This structure allowed the development of a compact database that ensured the comparative analysis of accessions in the mentioned collections. For analysing and identifying duplicates, the most important fields are ACCNAME, DONORNUM, OTHERNUM, as well as the SCINAM field for determining identity in terms of classification units (i.e., genus, species, subspecies, etc.). It was found that in the IPK database the fields DONORNUM (15%) and OTHERNUM (1%) are not sufficiently filled in, while the SCINAM field is populated well, but subtaxa is identified in only 88% of all cases, and 180 accessions have no species identification (i.e. Avena sp. only). The database at NGB featured all of the above mentioned drawbacks. All accessions are identified at the species level only, and without botanical varieties. In BAZ, the database has sufficiently complete DONORNUM (85%) and OTHERNUM (21%) fields, but the field SCINAM (40% for botanical varieties only) is very poor, confusing and quite often incorrect. We found several duplicates within collections (in field ADD identified as D). Within the analyzed collections, 130 duplicates have been found: 70 accessions in the IPK collection, 54 in BAZ and only 6 in NGB (Table 3). The analysis of passport data showed 464 accessions in the joint database to have some confusing information.
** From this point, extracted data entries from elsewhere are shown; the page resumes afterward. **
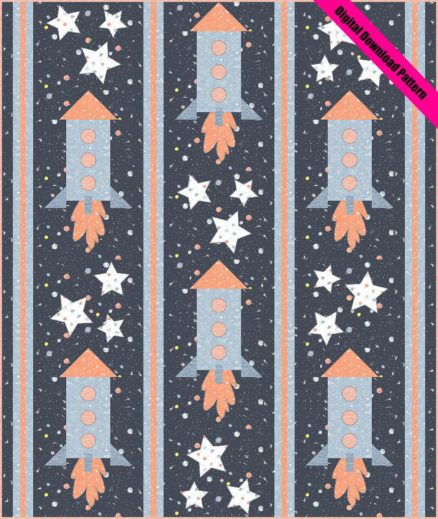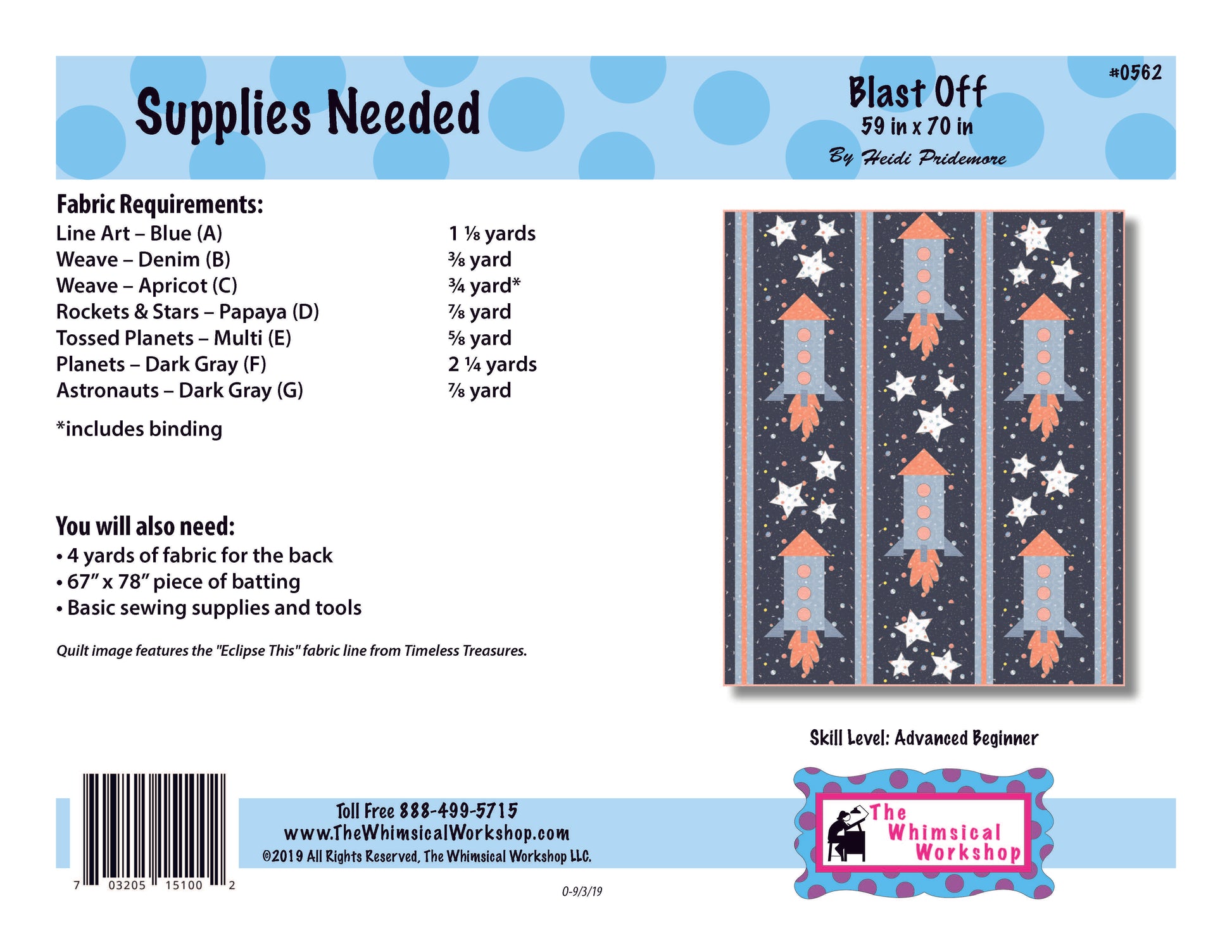 Launch your creativity with Blast Off, a fun and imaginative quilt pattern by Heidi Pridemore for The Whimsical Workshop. Measuring 59" x 70", this advanced beginner design combines traditional piecing with simple fusible appliqué to create adorable rockets soaring through space. Featuring the vibrant Eclipse This fabric collection from Timeless Treasures, this quilt is perfect for space-themed rooms, kids’ projects, or any budding astronaut. A playful and colorful project that’s as exciting to make as it is to display!
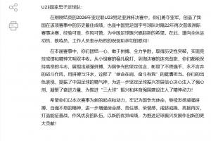 在刚刚结束的2026年亚足联U23男足亚洲杯决赛中,你们勇夺亚军,创造了我国在该项赛事中的历史最佳成绩,也是中国男足国字号球队时隔22年再次晋级洲际赛事决赛,经验可贵,作风可赞,为中国足球振兴燃起新的希望。在此,谨向全体运动员、教练员、工作人员表示热烈的祝贺和亲切的慰问!
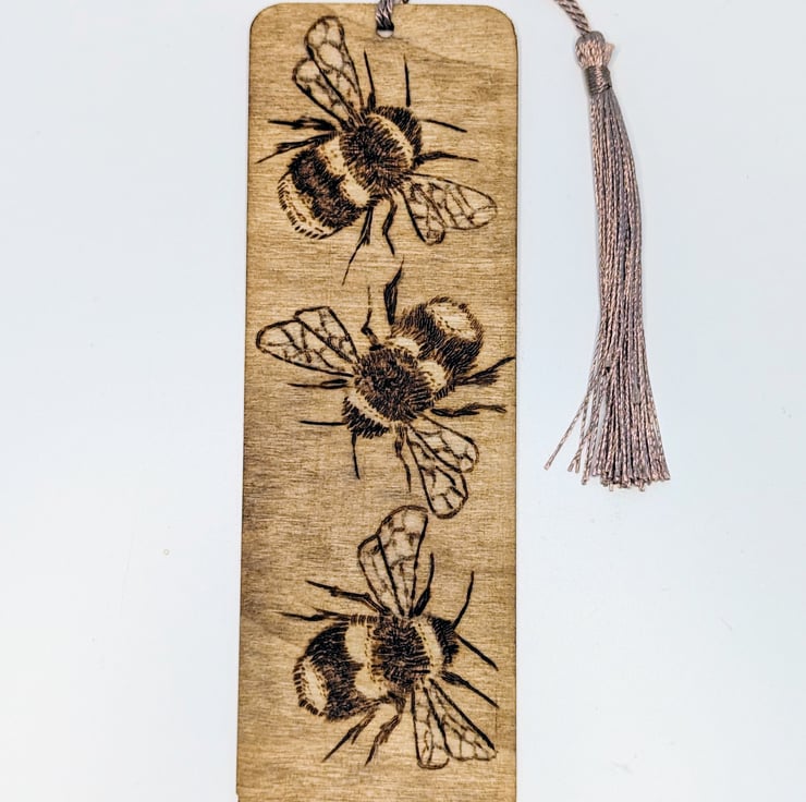 Three bumble bees have been lovingly hand burnt onto this wooden bookmark using pyrography and it has been stained with a light oak colour and finished with a coat of satin varnish and a tassel.
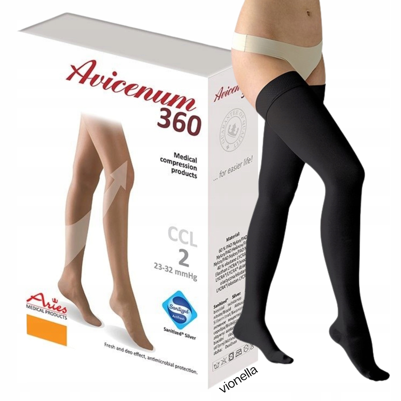 Avicenum PHLEBO 360 pończochy to pończoszniczy medyczny wyrób uciskowy w II klasie kompresji (CCL 2). Jest to wyrób okrągłodziany z delikatną, lekką ale wytrzymałą strukturą. Wyrób produkowany jest z materiałów niedrażniących i niezawierających lateksu. Mechanizm działania pończoszniczego medycznego wyrobu kompresyjnego opiera się na wywieraniu określonego ucisku w okolicy kostki kończyny dolnej, który stopniowo maleje kierując się ku sercu. Ucisk w okolicy kostki, w miejscu pomiaru obwodu w punkcie b (patrz tabela rozmiarów) jest największy i osiąga wartości 23-32 mmHg. Aby osiągnąć pożądany efekt, konieczne jest, aby wybrać odpowiedni rozmiar. Wyrób uciskowy powinien być stosowany podczas aktywności fizycznej, natomiast podczas dłuższego przebywania w stanie spoczynku powinien być zdejmowany (chyba, że lekarz zaleci inaczej). Avicenum PHLEBO 360 pończochy są wyrobem medycznym przeznaczonym do stosowania zarówno w warunkach domowych jak i placówkach opieki zdrowotnej. Avicenum PHLEBO 360 pończochy to wyrób medyczny przeznaczony do komresjoterapii stosowanej w chorobach naczyń żylnych i różnego pochodzenia obrzęków kończyn dolnych.

These accessions require additional checking and consultations of genebank experts.
The conclusion from the analysis of 4 databases shows that 90% of the VIR database are unique accessions between four collection; the amount of these in the IPK database is 70%, and is equal to 50-60% in databases of BAZ and NGB. It is worth mentioned that quantity of unique accessions were following: VIR - 10770 accessions, IPK - 2080, BAZ - 1120 and NGB - 270. As we mentioned previously this compact database is about 18% from International Avena Database. It was analysed quantity unique entries using DONORNUM and OTHERNUM fields, where were collected information about identification numbers from different genebanks and especially from American genebank. This analysis showed that percent of unique accessions compare between other genebanks was lower: VIR - 80%, IPK - 60%, NGB - 45% and BAZ - 25%. From the analysis of databases, 1276 accessions have been found to have the same scientific name and be duplicated in 2 (1034 entries), 3 (207 entries), or sometimes in 4 (35 entries) genebanks at a time (Tables 5, 6 and 7).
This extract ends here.